> _WHAT THE TASK REQUIRES_: Could you transcribe the entries below exactly, starting at the line that contains "3.2. Food and" and stopping at the last line, without any pictures?
━━━
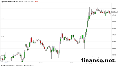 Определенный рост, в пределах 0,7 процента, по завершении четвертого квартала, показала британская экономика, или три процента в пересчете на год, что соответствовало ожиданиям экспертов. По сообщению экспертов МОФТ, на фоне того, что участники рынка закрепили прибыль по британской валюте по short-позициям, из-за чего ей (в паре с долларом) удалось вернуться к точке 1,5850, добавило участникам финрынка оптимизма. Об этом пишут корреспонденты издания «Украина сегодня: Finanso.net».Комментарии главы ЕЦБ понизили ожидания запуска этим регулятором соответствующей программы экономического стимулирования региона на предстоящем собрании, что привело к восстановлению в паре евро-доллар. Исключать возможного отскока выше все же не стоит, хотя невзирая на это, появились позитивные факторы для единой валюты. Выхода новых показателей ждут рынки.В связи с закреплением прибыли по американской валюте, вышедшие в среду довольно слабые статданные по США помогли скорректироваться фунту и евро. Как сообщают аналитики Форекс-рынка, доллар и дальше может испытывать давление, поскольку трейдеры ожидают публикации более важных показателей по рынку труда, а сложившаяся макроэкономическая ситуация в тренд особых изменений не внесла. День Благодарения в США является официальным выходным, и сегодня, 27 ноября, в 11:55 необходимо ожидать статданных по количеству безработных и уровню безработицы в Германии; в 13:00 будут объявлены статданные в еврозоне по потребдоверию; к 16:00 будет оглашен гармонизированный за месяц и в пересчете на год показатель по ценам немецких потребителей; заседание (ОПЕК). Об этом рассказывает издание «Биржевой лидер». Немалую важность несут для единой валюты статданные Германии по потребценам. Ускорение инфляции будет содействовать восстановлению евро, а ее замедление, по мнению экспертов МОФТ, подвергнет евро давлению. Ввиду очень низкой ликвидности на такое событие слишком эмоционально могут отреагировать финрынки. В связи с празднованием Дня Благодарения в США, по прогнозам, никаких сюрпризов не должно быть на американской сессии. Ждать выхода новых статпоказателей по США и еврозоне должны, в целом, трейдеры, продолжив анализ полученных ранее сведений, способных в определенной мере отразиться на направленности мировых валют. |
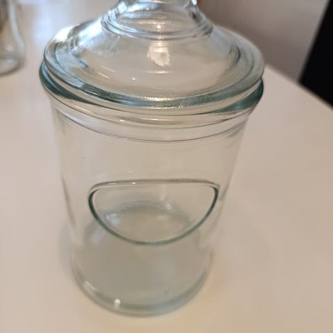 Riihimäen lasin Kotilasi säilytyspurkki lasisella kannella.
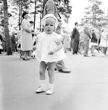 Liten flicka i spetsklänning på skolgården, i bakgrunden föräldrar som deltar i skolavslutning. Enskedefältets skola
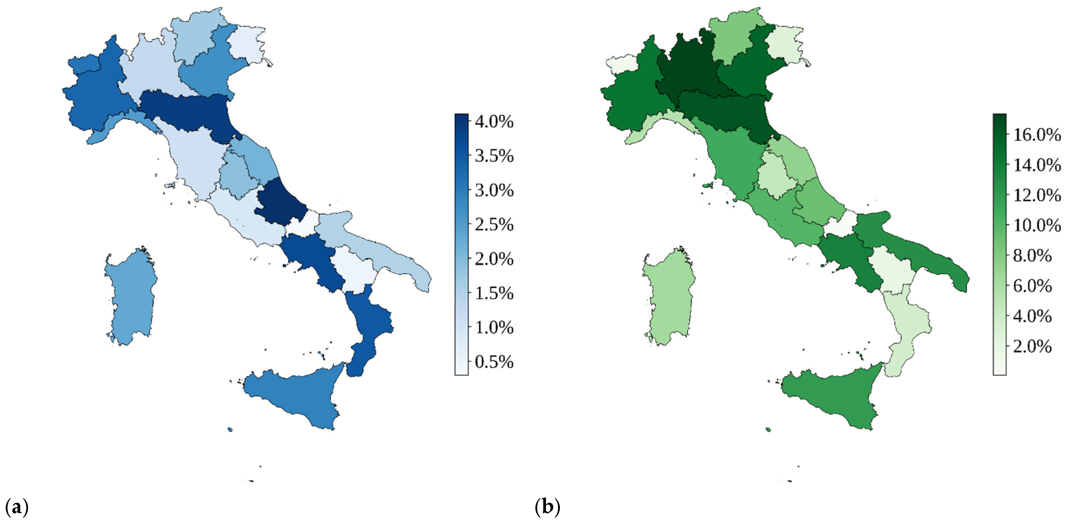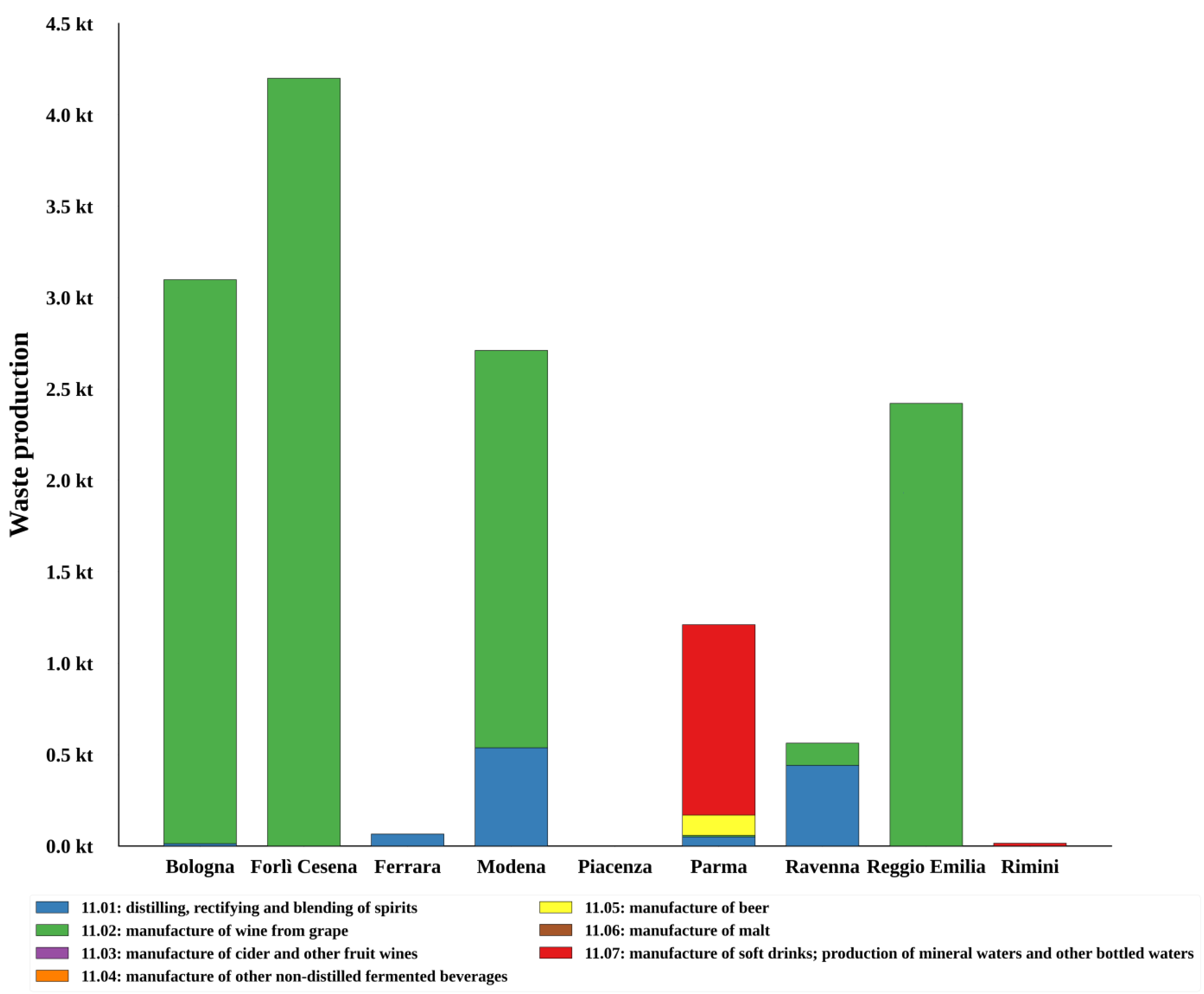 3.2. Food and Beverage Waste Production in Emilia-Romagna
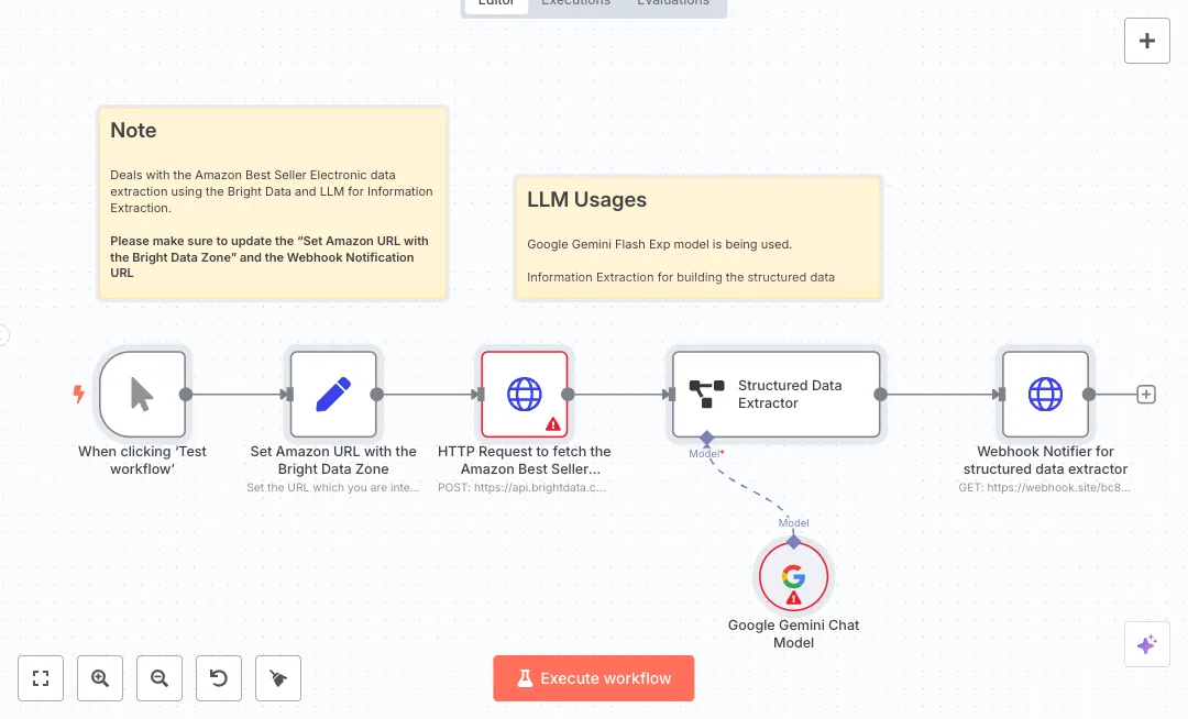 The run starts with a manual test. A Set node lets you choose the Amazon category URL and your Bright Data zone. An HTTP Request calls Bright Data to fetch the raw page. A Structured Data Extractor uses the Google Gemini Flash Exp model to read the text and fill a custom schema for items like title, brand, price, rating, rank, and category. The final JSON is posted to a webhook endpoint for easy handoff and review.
━━━
> _EXERCISE SOLUTION_:
 3.2. Food and Beverage Waste Production in Emilia-Romagna
 The run starts with a manual test. A Set node lets you choose the Amazon category URL and your Bright Data zone. An HTTP Request calls Bright Data to fetch the raw page. A Structured Data Extractor uses the Google Gemini Flash Exp model to read the text and fill a custom schema for items like title, brand, price, rating, rank, and category. The final JSON is posted to a webhook endpoint for easy handoff and review.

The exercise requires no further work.